Um I'm no expert, but maybe a little Nubian & Alpine 

Is she home bred? Then I guess she'd have Spanish


----------



## ThreeHavens (Oct 20, 2011)

I see Kiko and Boer


----------



## Sylvie (Feb 18, 2013)

ThreeHavens said:


> I see Kiko and Boer


Yea you're probably right


----------



## ThreeHavens (Oct 20, 2011)

Sylvie said:


> Yea you're probably right


Only reason I guessed that was because I believe she raises meat goats


----------



## milkmaid (Sep 15, 2010)

The color and shape look very Nubian (crossed with something) to me, but I am really bad at this.

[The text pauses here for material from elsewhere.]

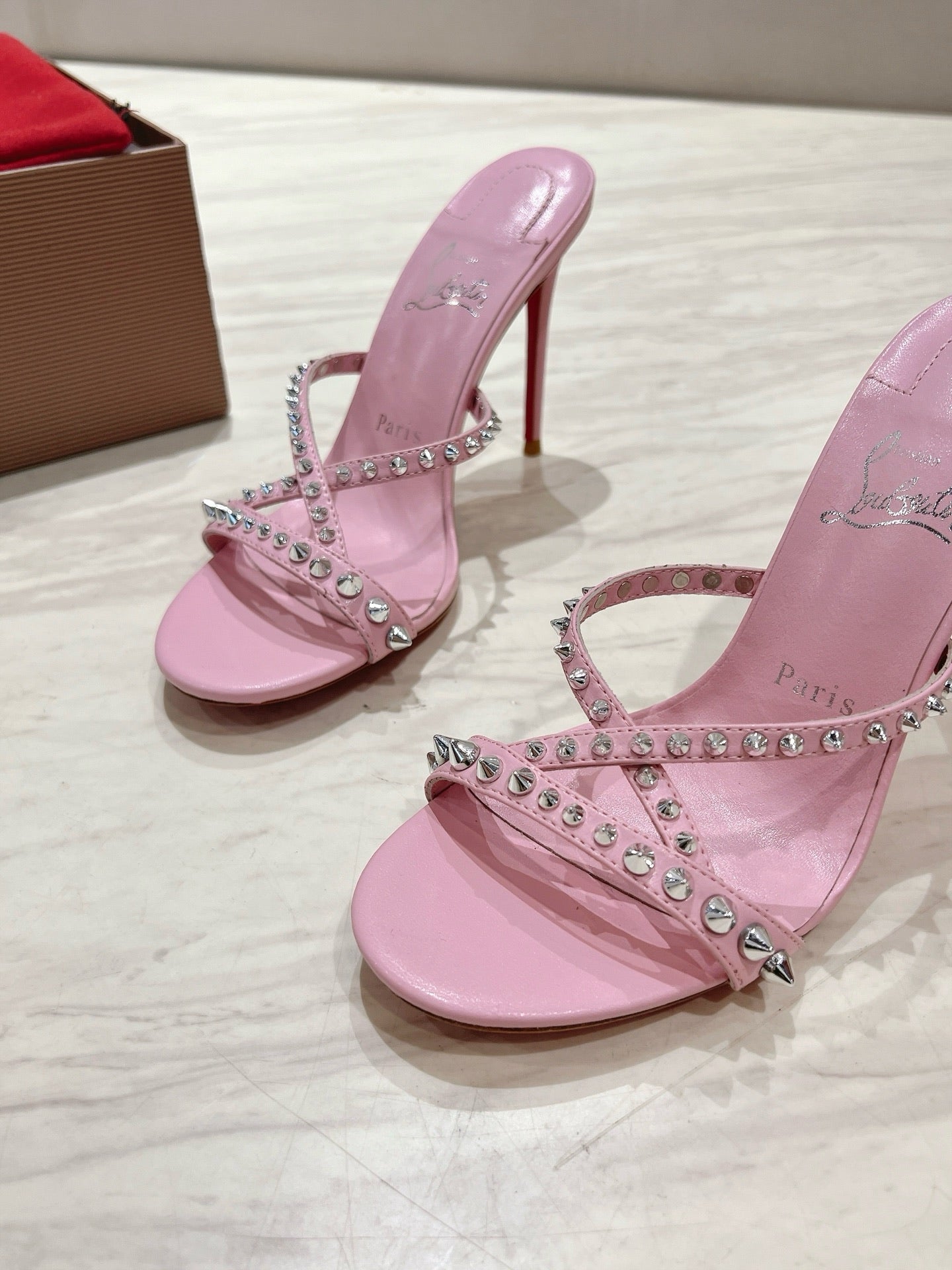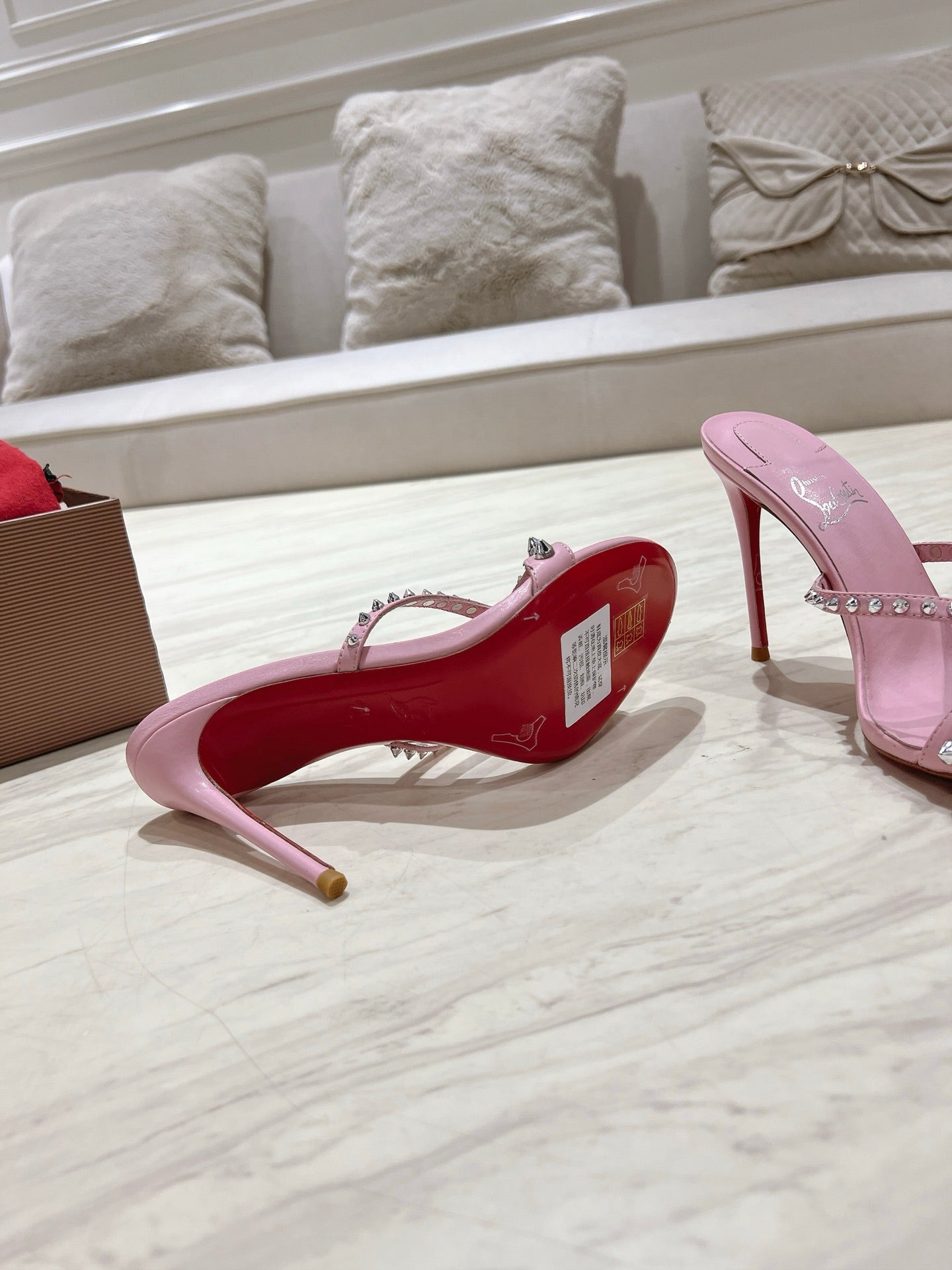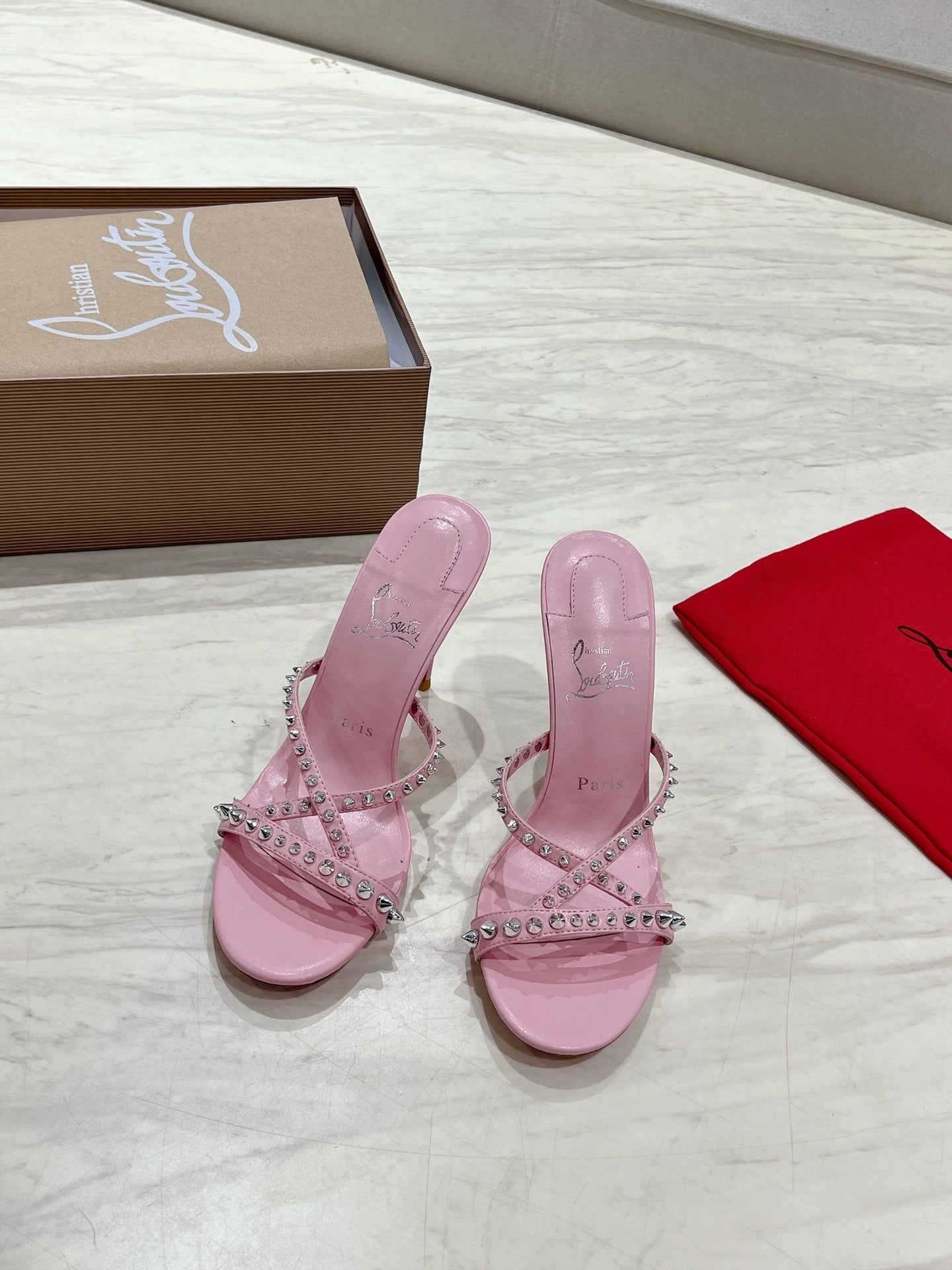 CL 25 Cross-Strap Slippers Pink Gloss Calf Patent Leather Rivets 314922

She is ADORABLE!


----------



## Texas.girl (Dec 20, 2011)

Sylvie said:


> Oh.....you named her after me!
> Um I'm no expert, but maybe a little Nubian & Alpine
> 
> Is she home bred? Then I guess she'd have Spanish


You win the prize. Good for you.:thumbup:

Shortly after I acquired Bambi (momma) I asked the folks here what she is. The consensus was Nubian/Alpine/pygmy or something small? Bambi is little, only about 25 inches tall. She was born Feb. 2012. Susanna's daddy is a solid black Spanish Buck.

















So, is Susanna a meat goat or a dairy goat.


----------



## Sylvie (Feb 18, 2013)

And yes, Susanna is actually my real name


----------



## KW Farms (Jun 21, 2008)

Aw...she's so cute!


----------